### Input
┄┄┄┄┄┄

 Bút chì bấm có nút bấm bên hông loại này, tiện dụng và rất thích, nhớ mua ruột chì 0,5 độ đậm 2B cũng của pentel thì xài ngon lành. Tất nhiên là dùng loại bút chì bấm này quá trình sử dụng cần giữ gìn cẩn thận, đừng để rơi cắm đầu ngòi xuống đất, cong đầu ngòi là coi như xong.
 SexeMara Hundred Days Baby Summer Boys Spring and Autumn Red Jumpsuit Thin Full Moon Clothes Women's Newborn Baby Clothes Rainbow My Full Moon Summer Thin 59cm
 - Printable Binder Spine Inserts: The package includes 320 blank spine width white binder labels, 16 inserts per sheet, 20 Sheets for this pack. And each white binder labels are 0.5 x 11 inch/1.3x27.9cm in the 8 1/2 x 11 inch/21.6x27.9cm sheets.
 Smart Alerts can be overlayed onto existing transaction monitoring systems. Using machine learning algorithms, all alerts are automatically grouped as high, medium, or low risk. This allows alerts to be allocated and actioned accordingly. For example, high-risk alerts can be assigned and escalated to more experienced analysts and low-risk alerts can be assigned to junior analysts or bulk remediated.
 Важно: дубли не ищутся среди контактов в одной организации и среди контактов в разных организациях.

┄┄┄┄┄┄

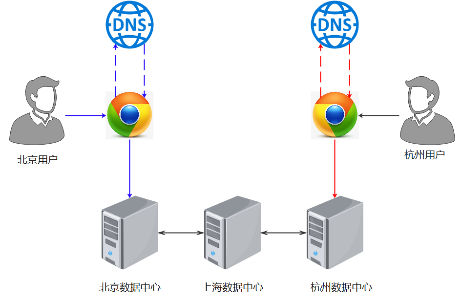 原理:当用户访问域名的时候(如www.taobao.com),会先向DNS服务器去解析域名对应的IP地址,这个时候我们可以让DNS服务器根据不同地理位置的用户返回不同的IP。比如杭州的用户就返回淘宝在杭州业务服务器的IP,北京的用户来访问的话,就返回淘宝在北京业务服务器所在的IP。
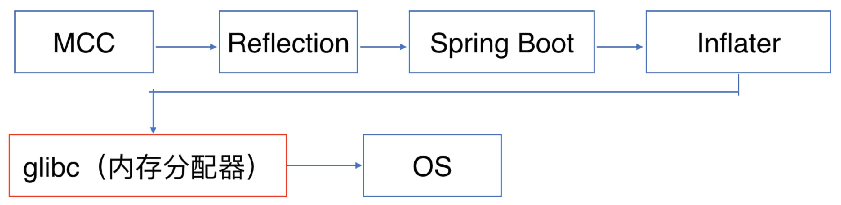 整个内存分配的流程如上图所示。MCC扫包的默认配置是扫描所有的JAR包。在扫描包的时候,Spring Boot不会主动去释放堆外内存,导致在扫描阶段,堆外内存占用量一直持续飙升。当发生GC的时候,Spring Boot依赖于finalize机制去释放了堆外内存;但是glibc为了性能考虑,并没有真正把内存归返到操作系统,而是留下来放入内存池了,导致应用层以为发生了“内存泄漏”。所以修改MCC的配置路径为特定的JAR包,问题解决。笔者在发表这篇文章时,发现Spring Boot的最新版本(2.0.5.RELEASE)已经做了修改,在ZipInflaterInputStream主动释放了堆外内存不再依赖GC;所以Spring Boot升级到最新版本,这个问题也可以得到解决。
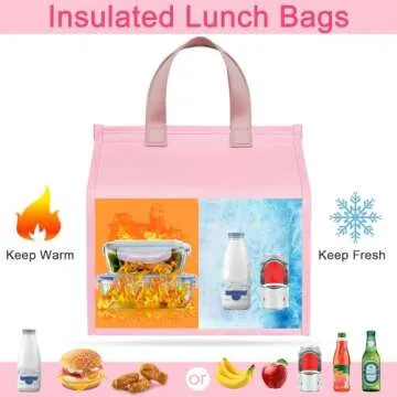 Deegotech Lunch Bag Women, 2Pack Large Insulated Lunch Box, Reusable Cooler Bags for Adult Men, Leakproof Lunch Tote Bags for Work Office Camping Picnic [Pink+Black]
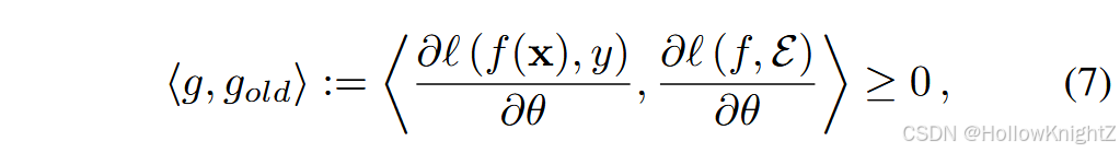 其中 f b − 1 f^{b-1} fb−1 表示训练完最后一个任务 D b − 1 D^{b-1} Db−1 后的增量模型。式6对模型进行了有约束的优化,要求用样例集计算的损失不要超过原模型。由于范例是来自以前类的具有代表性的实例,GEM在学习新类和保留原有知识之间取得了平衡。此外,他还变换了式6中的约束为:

┄┄┄┄┄┄

### Work required
The output should be exactly the lines above from the line containing "Bút chì bấm có" to the line containing "SexeMara Hundred Days", inclusive, with no other lines.

### Answer to the exercise
 Bút chì bấm có nút bấm bên hông loại này, tiện dụng và rất thích, nhớ mua ruột chì 0,5 độ đậm 2B cũng của pentel thì xài ngon lành. Tất nhiên là dùng loại bút chì bấm này quá trình sử dụng cần giữ gìn cẩn thận, đừng để rơi cắm đầu ngòi xuống đất, cong đầu ngòi là coi như xong.
 SexeMara Hundred Days Baby Summer Boys Spring and Autumn Red Jumpsuit Thin Full Moon Clothes Women's Newborn Baby Clothes Rainbow My Full Moon Summer Thin 59cm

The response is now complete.